Director-General of NAFDAC, Prof Mojisola Adeyeye
As the world battles the COVID-19 pandemic, the National Agency for Food, Drugs Administration and Control (NAFDAC) said it is working with the Central Bank of Nigeria (CBN) to address drug insecurity in the country.
“We are working with the Central Bank of Nigeria (CBN), to address drug insecurity in the country; that is part of our post-COVID-19 plan to revamp the health sector,” Director-General of NAFDAC, Prof Mojisola Adeyeye, told the News Agency of Nigeria (NAN) in Abuja on Thursday.
She said that the agency had been meeting with relevant stakeholders to achieve the feat.

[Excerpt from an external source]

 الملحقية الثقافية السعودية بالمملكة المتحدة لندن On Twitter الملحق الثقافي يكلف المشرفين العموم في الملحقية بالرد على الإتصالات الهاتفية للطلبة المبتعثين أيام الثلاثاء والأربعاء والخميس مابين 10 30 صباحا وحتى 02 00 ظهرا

Adeyeye said the agency had started working on the production of herbal medicine since March 2019.
“As soon as I came in as the DG, I started singing it everywhere I go that we have drug insecurity.
“If you manufacture 30 per cent of your drugs locally and import 70, you have made your nation a slave to the country that is supplying.

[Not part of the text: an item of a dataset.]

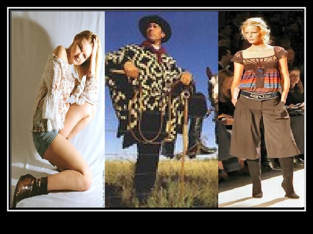 - The clothes in style of Gaucho became fashionable in 70th years of the XX-th century. It is clothes in the spirit of cattlemen of prairies of a Spanish-American Indian origin: various poncho, wide-brimmed hats with the superficial crown, carelessly tied scarf, leather boots, baggy trousers (as in the Argentina national suit).

“We were slaves to China and India; we depended so much on them. With the outbreak of Coronavirus, China had their issues and everything stopped.
“India also stopped their own supplies because they want to conserve. It left us stranded, but the pandemic lingers on,’’ she said.
According to her, the agency met with the CBN governor two months ago to address challenges facing the sector.
“The CBN Governor has listened to some of the things that came from NAFDAC in terms of drug insecurity. He has said that it was high time for Nigeria to start looking inward.
“We have had series of meeting and NAFDAC is the go-between now.
“NAFDAC is the brigde between CBN and pharmaceutical manufacturing groups of Nigeria.
“We had a meeting last Saturday, so part of what the government has realised is that the health sector has been neglected.
“We have realised that we have to take care of some aspects of the health sector.’’
The director-general said that the Federal Government had been responding by allocating N100 billion to qualified pharmaceutical manufacturing companies for production of indigenous drugs.
“We left industrialisation decades ago but we are going back to where we came; the government is supporting and more companies are getting approval.’’
Adeyeye emphasised that Nigeria’s over-dependence on medicine importation had affected the production of locally made drugs.
She said that the lack of accessible raw materials had also posed a similar challenge, adding that the challenge needed to be tackled before Nigeria can attain a state of drug security.
“The CBN said we need to do sanitisers locally, that is the beginning of COVID for us; I told them, sanitiser has three ingredients and we import all the ingredients.
“We should wake up as a country; we import alcohol, one of the ingredients for sanitisers. We cannot continue like this,” he said.